A systematic assessment of deep learning methods for drug response prediction: from in-vitro to clinical application

│  README.md
│
├─dependencies # Environment required
│      crdnn_env.yml
│      drugcell_env.yml
│      moli_env.yml
│      paccmann_env.yml
│      tgsa_env.yml
│      vaen_env.yml
│      vaen_r_env.yml
│
├─hyper_grid # Hyperparameters search grid
│      hypergrid_crdnn.json
│      hypergrid_drugcell.json
│      hypergrid_moli.json
│      hypergrid_paccamnn.json
│      hypergrid_tgsa.json
│      hypergrid_vaen.json
│
└─utils # Utility scripts
        benchmark_metrics.py # Implement of benchmark metrics
        GDSCrel82_BinaryIC50.R # Script for binarization of IC50s
        generate_NWPC_weights.py # Generate NWPC weights
        smiles2graph.py # Generate molecular graphs from SMILES strings

Methods for assessments

The environments and hyperparameter grids used in this study are available on \dependencies and \hyper_grid.

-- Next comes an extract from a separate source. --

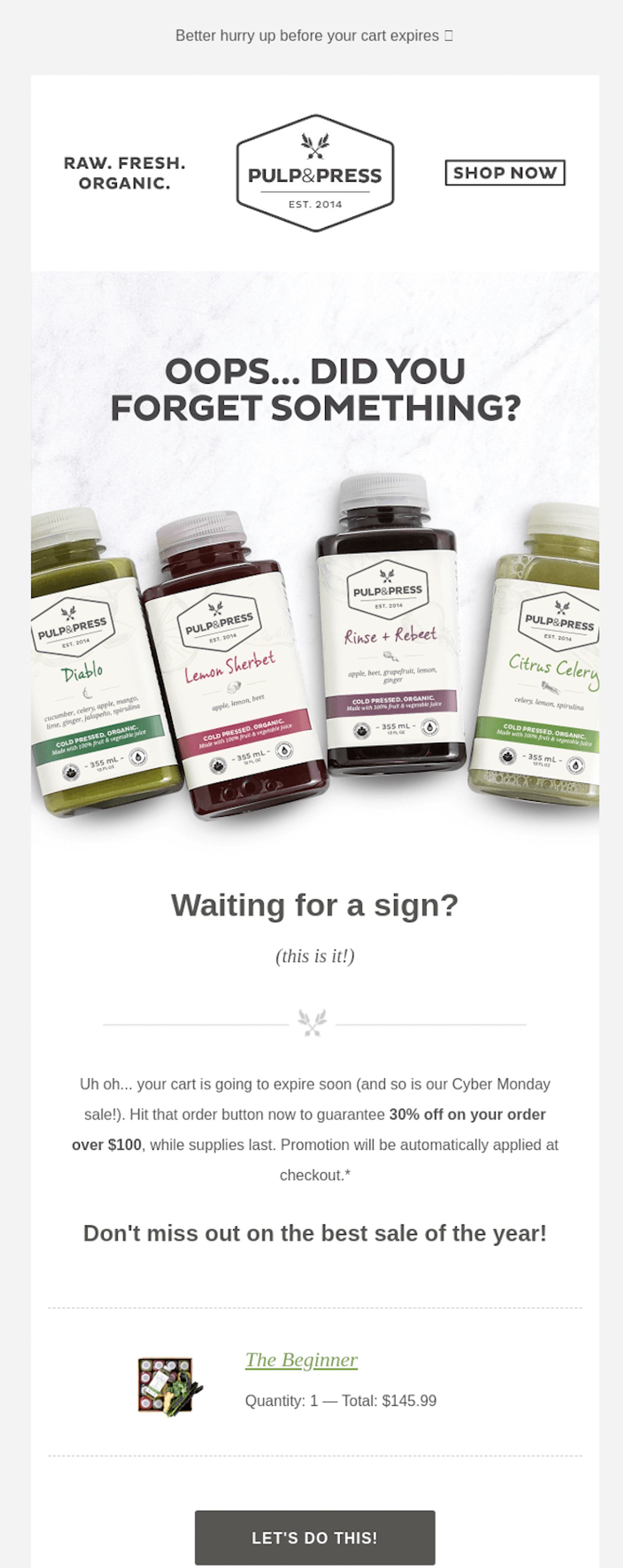 Ofrecer códigos de descuento o cupones es otra buena opción para alentar a los clientes a finalizar sus compras. Y es justo lo que hace la empresa Pulp & Press en su correo electrónico de carrito abandonado.

	Paradigm	Tumor feature	Drug feature	Repository
DrugCell¹	MDL	M	Morgan FP	https://github.com/idekerlab/DrugCell
PaccMann²	MDL	E^a	SMILES	https://github.com/PaccMann/paccmann_predictor
TGSA³	MDL	E^a, M, C	Molecular graph	https://github.com/violet-sto/TGSA
CRDNN⁴	SDL	E^a	-	https://github.com/TeoSakel/deep-drug-response
VAEN⁵	SDL	E^b	-	https://github.com/bsml320/VAEN
MOLI⁶	SDL	E^a, M, C	-	https://github.com/hosseinshn/MOLI

MDL: Multi Drug Learning; SDL: Single Drug Learning
E: expression profiles; M: mutation status; C: Copy number variation; FP: Fingerprint; SMILES: Simplified Molecular-Input Line-Entry System
a: z-score standardization
b: rank normalization

Dataset

GDSC
- Cell line genomic data were downloaded from Cell Model Passports
- Drug response data were downloaded from GDSC bulk data dowload (release-8.2)
CCLE
- Cell line genomic data and drug response data were downloaded from DepMap portal (2021Q4)
TCGA
- Clinical response were curated by Ding et al.⁷ and downloaded from it portal.
- Cell line genomic data were downloaded from GDC client.
Bortezomib
- Patients with relapsed myeloma enrolled in phase 2 and phase 3 clinical trials of bortezomib.⁸
- Gene expression data were downloaded from GEO:GSE9782.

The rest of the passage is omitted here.